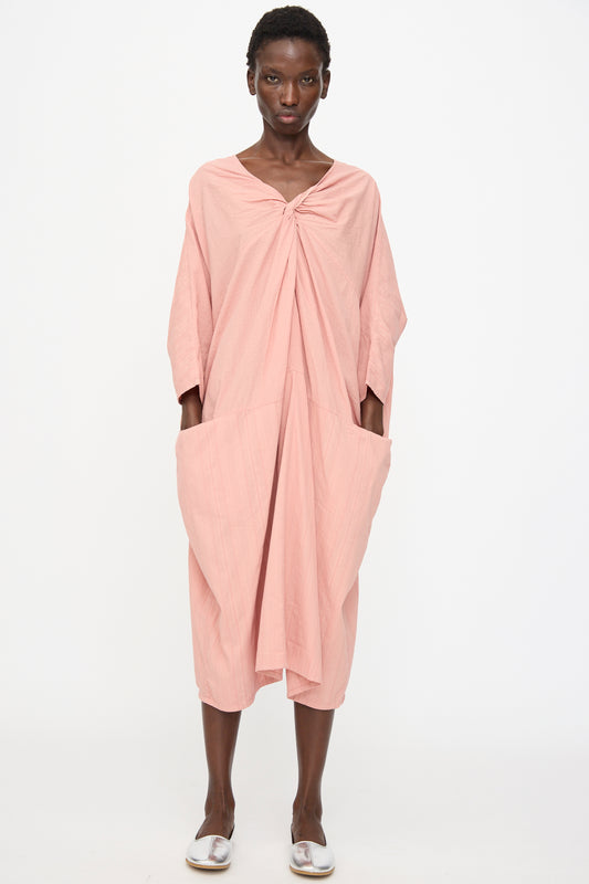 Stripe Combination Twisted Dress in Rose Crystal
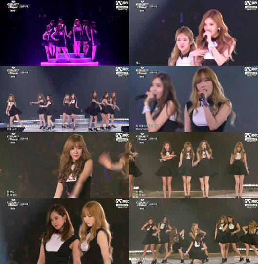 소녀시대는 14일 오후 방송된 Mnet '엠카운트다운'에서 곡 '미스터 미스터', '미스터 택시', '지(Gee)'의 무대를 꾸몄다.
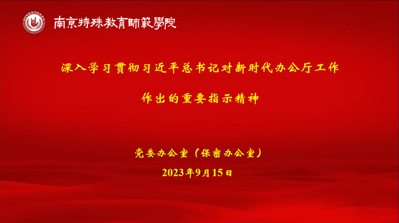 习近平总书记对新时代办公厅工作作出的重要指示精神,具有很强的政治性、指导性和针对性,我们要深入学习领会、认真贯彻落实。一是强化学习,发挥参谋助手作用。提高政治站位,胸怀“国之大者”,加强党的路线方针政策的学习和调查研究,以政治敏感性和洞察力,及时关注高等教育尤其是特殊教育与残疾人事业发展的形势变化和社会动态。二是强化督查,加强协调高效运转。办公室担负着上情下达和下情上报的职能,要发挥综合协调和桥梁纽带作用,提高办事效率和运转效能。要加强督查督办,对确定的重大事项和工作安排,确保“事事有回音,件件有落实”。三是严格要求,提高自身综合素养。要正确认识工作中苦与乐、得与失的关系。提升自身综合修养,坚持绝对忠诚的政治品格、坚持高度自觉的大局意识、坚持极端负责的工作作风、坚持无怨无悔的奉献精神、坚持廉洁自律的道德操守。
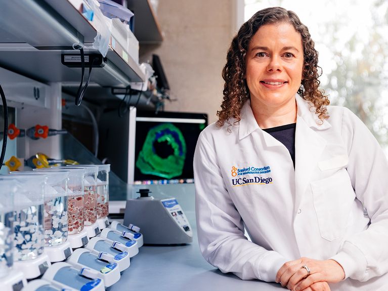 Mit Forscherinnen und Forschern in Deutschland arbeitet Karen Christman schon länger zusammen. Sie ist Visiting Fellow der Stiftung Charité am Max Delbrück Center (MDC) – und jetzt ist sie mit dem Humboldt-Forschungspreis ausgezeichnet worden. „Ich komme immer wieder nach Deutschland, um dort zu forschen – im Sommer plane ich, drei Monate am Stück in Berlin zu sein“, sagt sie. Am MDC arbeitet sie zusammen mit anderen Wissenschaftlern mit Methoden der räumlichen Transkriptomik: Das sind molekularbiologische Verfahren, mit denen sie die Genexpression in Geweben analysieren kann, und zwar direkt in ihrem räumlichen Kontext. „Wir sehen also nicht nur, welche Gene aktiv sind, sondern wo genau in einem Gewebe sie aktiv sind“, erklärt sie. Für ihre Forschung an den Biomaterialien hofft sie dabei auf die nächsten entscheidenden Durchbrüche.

...

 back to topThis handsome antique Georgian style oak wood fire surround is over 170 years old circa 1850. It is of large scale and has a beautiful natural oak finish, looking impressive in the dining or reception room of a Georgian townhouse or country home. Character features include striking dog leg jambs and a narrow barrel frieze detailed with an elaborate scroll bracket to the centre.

---

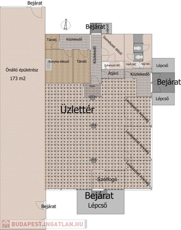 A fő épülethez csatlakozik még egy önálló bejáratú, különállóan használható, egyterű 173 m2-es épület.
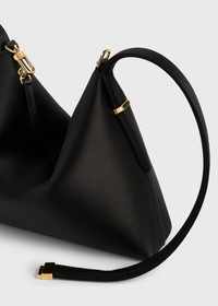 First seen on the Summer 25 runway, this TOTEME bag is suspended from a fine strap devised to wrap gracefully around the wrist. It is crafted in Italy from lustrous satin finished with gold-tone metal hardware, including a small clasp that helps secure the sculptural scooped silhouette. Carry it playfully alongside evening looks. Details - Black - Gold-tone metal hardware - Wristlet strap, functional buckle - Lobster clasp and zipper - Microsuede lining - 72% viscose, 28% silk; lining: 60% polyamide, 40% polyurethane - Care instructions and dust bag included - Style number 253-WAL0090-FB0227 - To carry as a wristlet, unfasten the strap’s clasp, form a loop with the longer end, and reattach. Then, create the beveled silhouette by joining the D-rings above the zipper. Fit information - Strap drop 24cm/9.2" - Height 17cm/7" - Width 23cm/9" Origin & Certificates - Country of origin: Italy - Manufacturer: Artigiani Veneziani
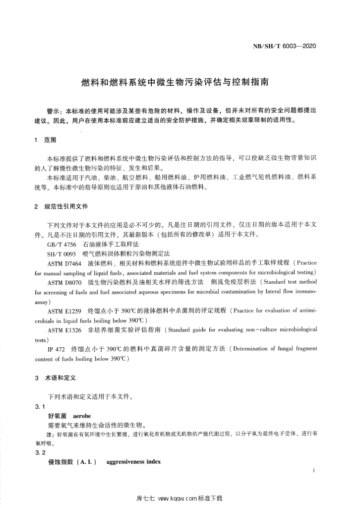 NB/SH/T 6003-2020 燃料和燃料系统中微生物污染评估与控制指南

▸ **PROMPT**
Out of the records above, set down only the lines from the one that contains "Stripe Combination Twisted" through the one that contains "习近平总书记对新时代办公厅工", unchanged and without the pictures.

▸ **WORKED SOLUTION**
 Stripe Combination Twisted Dress in Rose Crystal
 소녀시대는 14일 오후 방송된 Mnet '엠카운트다운'에서 곡 '미스터 미스터', '미스터 택시', '지(Gee)'의 무대를 꾸몄다.
 习近平总书记对新时代办公厅工作作出的重要指示精神,具有很强的政治性、指导性和针对性,我们要深入学习领会、认真贯彻落实。一是强化学习,发挥参谋助手作用。提高政治站位,胸怀“国之大者”,加强党的路线方针政策的学习和调查研究,以政治敏感性和洞察力,及时关注高等教育尤其是特殊教育与残疾人事业发展的形势变化和社会动态。二是强化督查,加强协调高效运转。办公室担负着上情下达和下情上报的职能,要发挥综合协调和桥梁纽带作用,提高办事效率和运转效能。要加强督查督办,对确定的重大事项和工作安排,确保“事事有回音,件件有落实”。三是严格要求,提高自身综合素养。要正确认识工作中苦与乐、得与失的关系。提升自身综合修养,坚持绝对忠诚的政治品格、坚持高度自觉的大局意识、坚持极端负责的工作作风、坚持无怨无悔的奉献精神、坚持廉洁自律的道德操守。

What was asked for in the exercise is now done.